An exact copy of the data is needed, one that excludes all pictures.

━━━━━ DATA ━━━━━

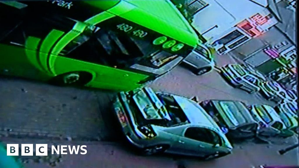 CCTV from a newsagent captures the moment a bus collided with 24 other vehicles in Dartford.
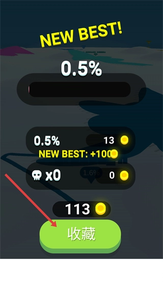 4、结束后界面显示“NEWBEST!”,点击【收藏】领取金币奖励,记录当前最佳进度。
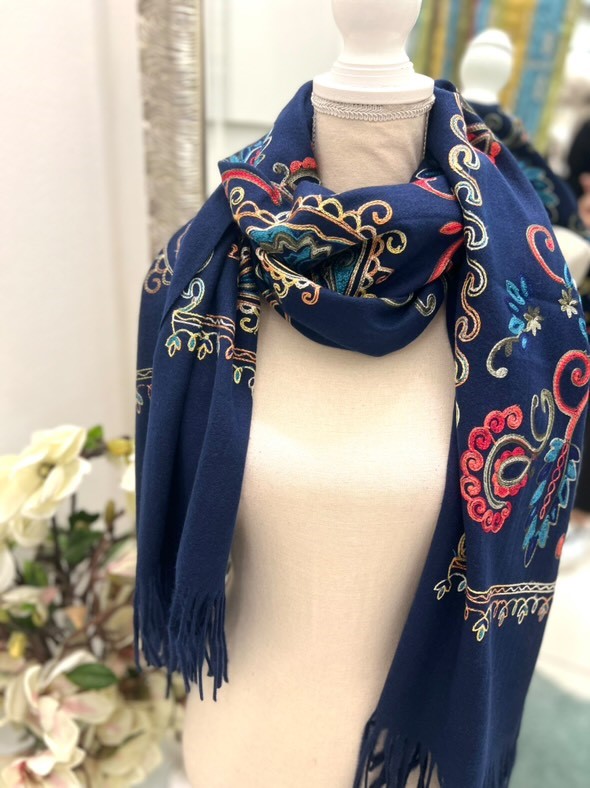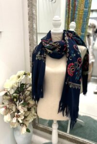 Elegantna izbira za vsak dan – temno moder šal z vzorci združuje klasično barvo in subtilno izražen dizajn. Mehka, lahkotna tkanina lepo pade in se udobno nosi, vzorci pa dodajo ravno pravšen poudarek, ki šal loči od običajnih enobarvnih modelov. Odličen za poslovne ali sproščene stilske kombinacije.

━━━━━

- RESULT -
 CCTV from a newsagent captures the moment a bus collided with 24 other vehicles in Dartford.
 4、结束后界面显示“NEWBEST!”,点击【收藏】领取金币奖励,记录当前最佳进度。
 Elegantna izbira za vsak dan – temno moder šal z vzorci združuje klasično barvo in subtilno izražen dizajn. Mehka, lahkotna tkanina lepo pade in se udobno nosi, vzorci pa dodajo ravno pravšen poudarek, ki šal loči od običajnih enobarvnih modelov. Odličen za poslovne ali sproščene stilske kombinacije.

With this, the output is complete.